In other words, the U.S. would face an unprecedented fiscal crisis that would lead, inevitably, to America's decline and to international instability of unimaginable dimensions. John Shaw, at MarketNews.com, described previous CBO reports as seeming like a car headed "steadily, inexorably, toward a cliff and nobody seems able or willing to grab the steering wheel or slam on the brakes. Ahead a calamitous event looms." Shaw claims that this year's report is similar, only worse. "The car is still moving toward great danger, the cliff seems closer, the fall ahead seems more dangerous than ever -- and the margin for error is almost gone."
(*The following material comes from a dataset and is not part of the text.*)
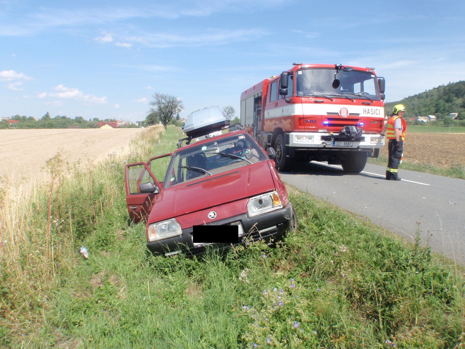 Při příjezdu k nehodě hasiči zjistili, že došlo k srážce tří osobních automobilů. Jedno vozidlo stálo v jízdním pruhu ve směru na Holešov, další dvě vozidla byla v příkopě mimo vozovku. Z vozidel neunikaly provozní náplně, ani pohonné hmoty. V jednom z vozidel byla jedna zraněná osoba, které hasiči poskytli předlékařskou pomoc.

Sadly, Shaw's dismal picture is not sobering enough. Douglas W. Elmendorf, director of the CBO, noted that the nation's debt to GDP surged from 40 percent to 62 percent in just two years. Elmendorf's most realistic scenario is 87 percent debt to GDP by 2020, 223 percent by 2040, and a "mind boggling" 854 percent by 2080. All this, Elmendorf said, "could include higher interest rates, more foreign borrowing, less private investment and lower income growth, if not a full-blown fiscal crisis."

Note that nobody is talking about dismantling the out-of-control entitlement system, including ObamaCare, which is the cause of this crisis. Instead, the proposed "cures" include continuing with business as usual and "piling on" America's already beleaguered middle class. Those who recommend increasing revenues and cutting spending acknowledge that it would be an intricate balancing act, where the wrong action at the wrong time could make the "sharp deterioration in the fiscal situation" even worse. The situation is bad. And, as Robert Reich, former U.S. Secretary of Labor, said, "The booster rockets for getting us beyond it are failing."